▸ **PROBLEM STATEMENT**: Below are records; please write out exactly the lines from the first line through the line containing "krmivo může být", with no pictures.

▸ **MATERIAL FOR THIS TASK**:
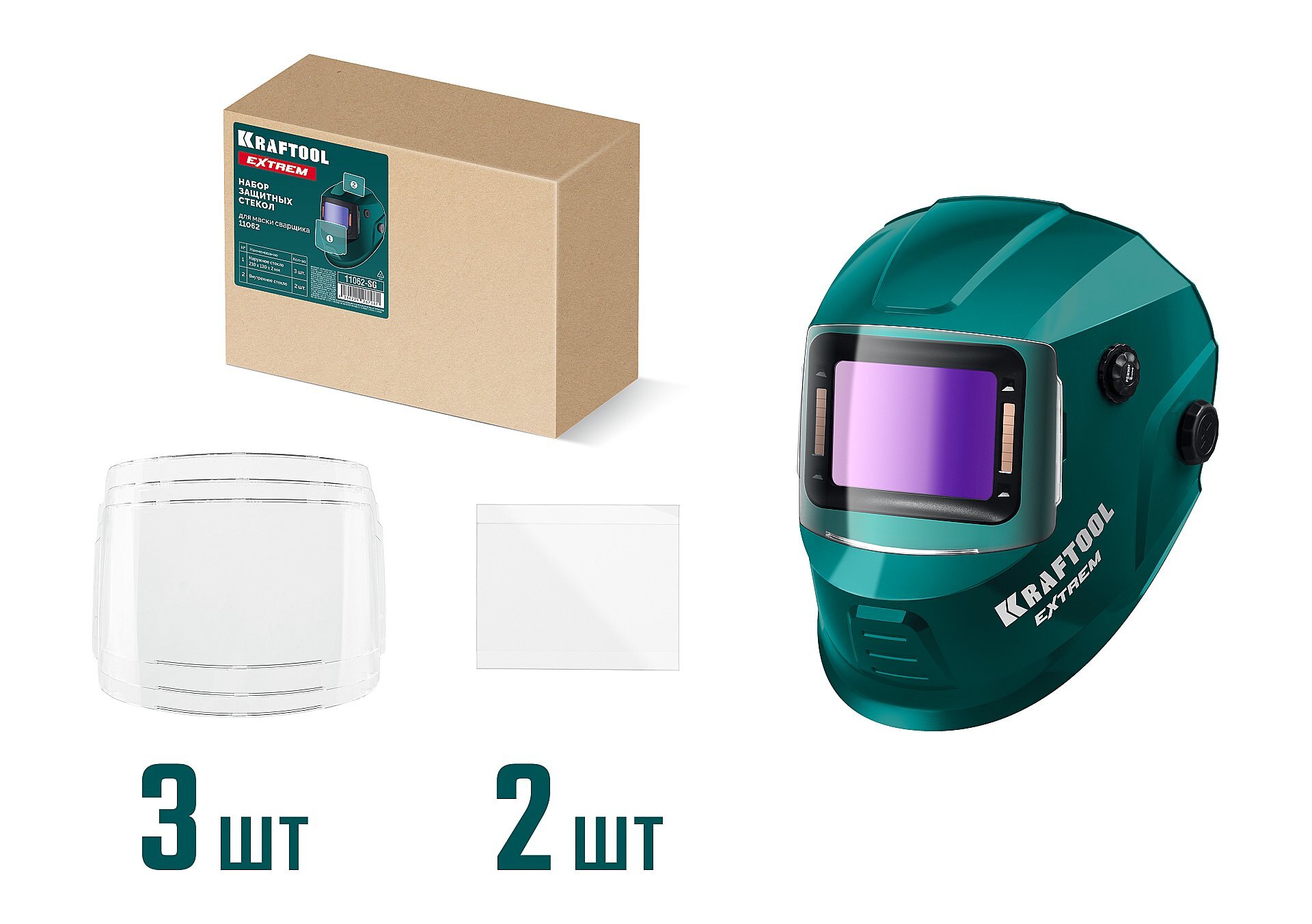 Служат запасными защитным стеклами для маски сварщика KRAFTOOL, модель 11062
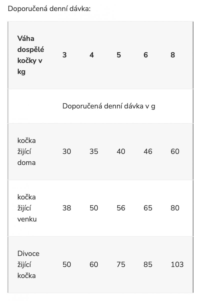 krmivo může být volně k dispozici. V případech obezity či nemoci doporučujeme řídit se pokyny veterináře nebo následující tabulkou. Je zapotřebí po celý den zajistit přístup k čisté, pitné vodě.
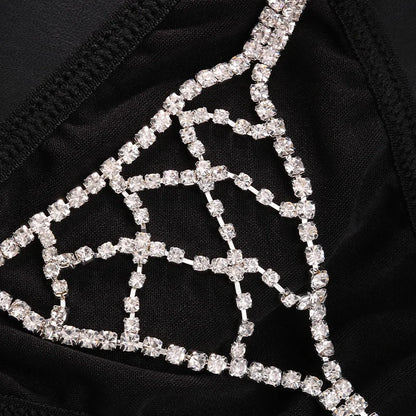 Women's Panties Rhinestone Thong Bikini Body Jewellery Shiny Crystal Mesh Thong Underwear Body Chain for Women
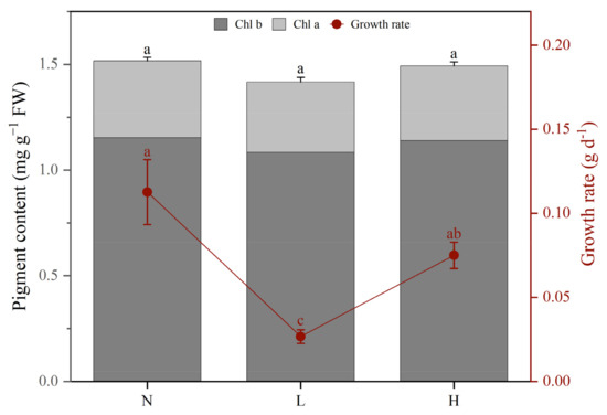 The growth rate and chlorophyll a and b pigment content of Myriophyllum aquaticum under different phosphorus concentrations. N, normal phosphorus concentration treatment (0.25 mM); L, low phosphorus concentration treatment (0.02 mM); H, high phosphorus concentration treatment (5 mM). Different lowercase letters above the error bars in the same color mean significant differences, and bars sharing the same letter are not significantly (Turkey’s test).
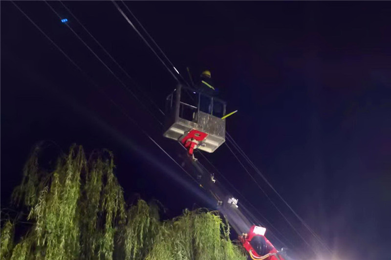 故障發(fā)生后,國(guó)網(wǎng)周口供電公司立即啟動(dòng)惡劣天氣應(yīng)急預(yù)案,并通過(guò)手機(jī)短信傳達(dá)到每位職工。雨勢(shì)稍微放緩后,各縣市供電公司迅速派出應(yīng)急搶修分隊(duì),出動(dòng)搶修人員1389人,搶修車輛303輛。在雨中,大家分工協(xié)作,爭(zhēng)分奪秒完成每一道工序,一部分搶修人員排查線路,消除安全隱患,防止次生災(zāi)害;一部分搶修人員快速投入到搶修工作中。
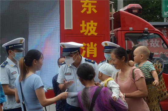 四川新闻网眉山6月17日讯(徐磊 郑玉珍 文/图)为全面做好辖区夏季火灾防控工作,进一步加强安全生产月宣传工作,普及消防安全知识,切实提高辖区居民消防安全意识,营造良好的辖区消防安全氛围,6月17日上午,正值赶集之际东坡消防白马专职队深入热闹街区,在东坡区多悦镇建设街开展消防宣传。
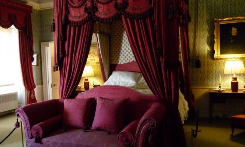 Комната в стиле будуар, бордовые шторы с ламбрекеном, бордовое покрывало плюс золото ренессанса.
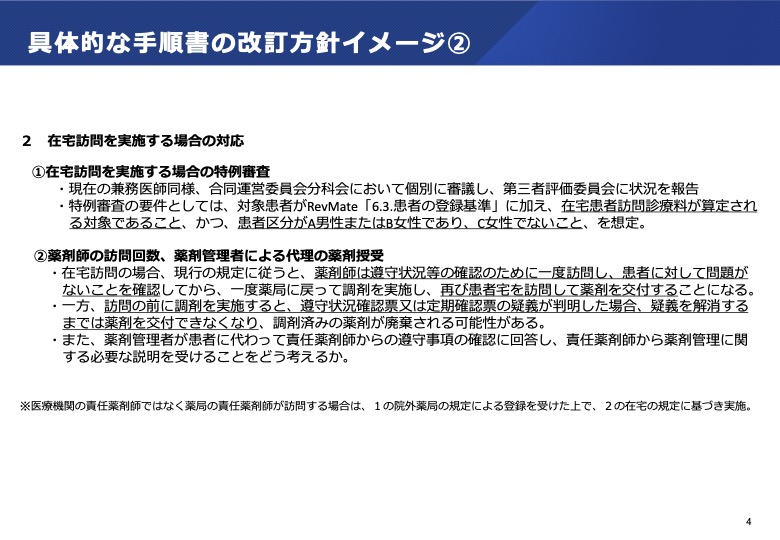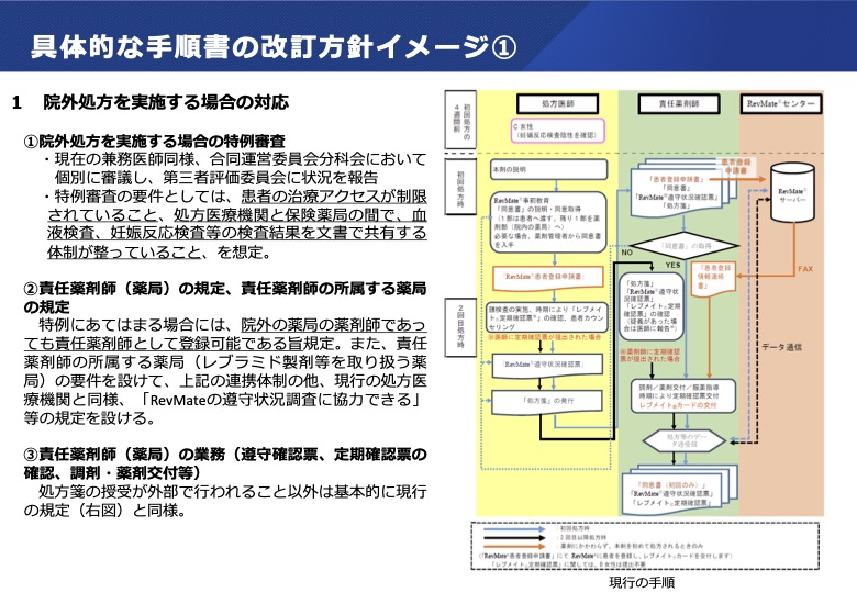 - サリドマイド関連製剤については、TERMS及びRevMateの安全管理手順において、医療機関内での受診、処方、薬剤交付等を前提にしており、サリドマイド関連製剤を服用中の患者が在宅医療を受けることになった場合の取扱い(患者宅等で実施すべき事項等)が明確になっていない。
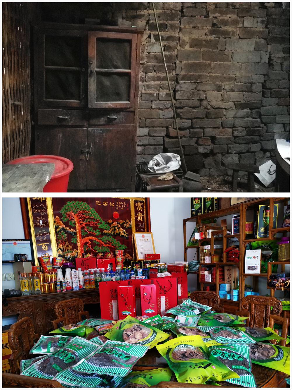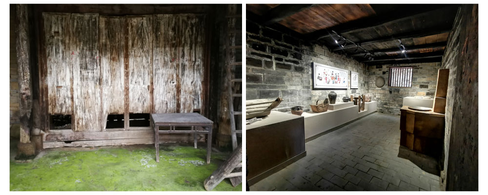 拼版照片:左图为2017年8月1日,记者拍摄的老宅内景。右图为2019年10月31日,老宅换了模样。(新华社记者陈诺 摄)
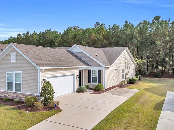 Welcome to this charming 3-bedroom, 2-bathroom patio home in the desirable Bella Vita community, ideally located just off Hwy 501 and near Hwy 31 for convenient access to shopping, dining, and entertainment. Only 5 miles from the beautiful Myrtle Beach shoreline and minutes from the airport, this home offers the perfect balance of privacy and accessibility. Nestled on a private, wooded lot, the home exudes tranquility and curb appeal with its craftsman-style exterior. The spacious 2-car garage provides attic storage and features a convenient utility sink. Step inside to find an inviting open-concept layout, highlighted by stainless steel appliances, 42" white shaker kitchen cabinets with glass accents, granite countertops, a large kitchen island, and a breakfast bar that’s perfect for entertaining. The master bathroom is a serene retreat with a 5-ft tiled shower and double vanities for added luxury. The living and dining areas are brightened by solar tubes for natural light, enhanced by LVP wood flooring and a striking cathedral ceiling. The rest of the home features 9-foot ceilings, adding to the sense of space and openness. Step outside to a large screened porch and an extended patio, perfect for relaxing or hosting guests while enjoying the peaceful surroundings. This home is the epitome of modern comfort combined with timeless elegance, offering easy, one-level living. Experience the best of coastal living in this quiet, sought-after community—schedule your private tour today!

▸ **EXERCISE SOLUTION**:
 Служат запасными защитным стеклами для маски сварщика KRAFTOOL, модель 11062
 krmivo může být volně k dispozici. V případech obezity či nemoci doporučujeme řídit se pokyny veterináře nebo následující tabulkou. Je zapotřebí po celý den zajistit přístup k čisté, pitné vodě.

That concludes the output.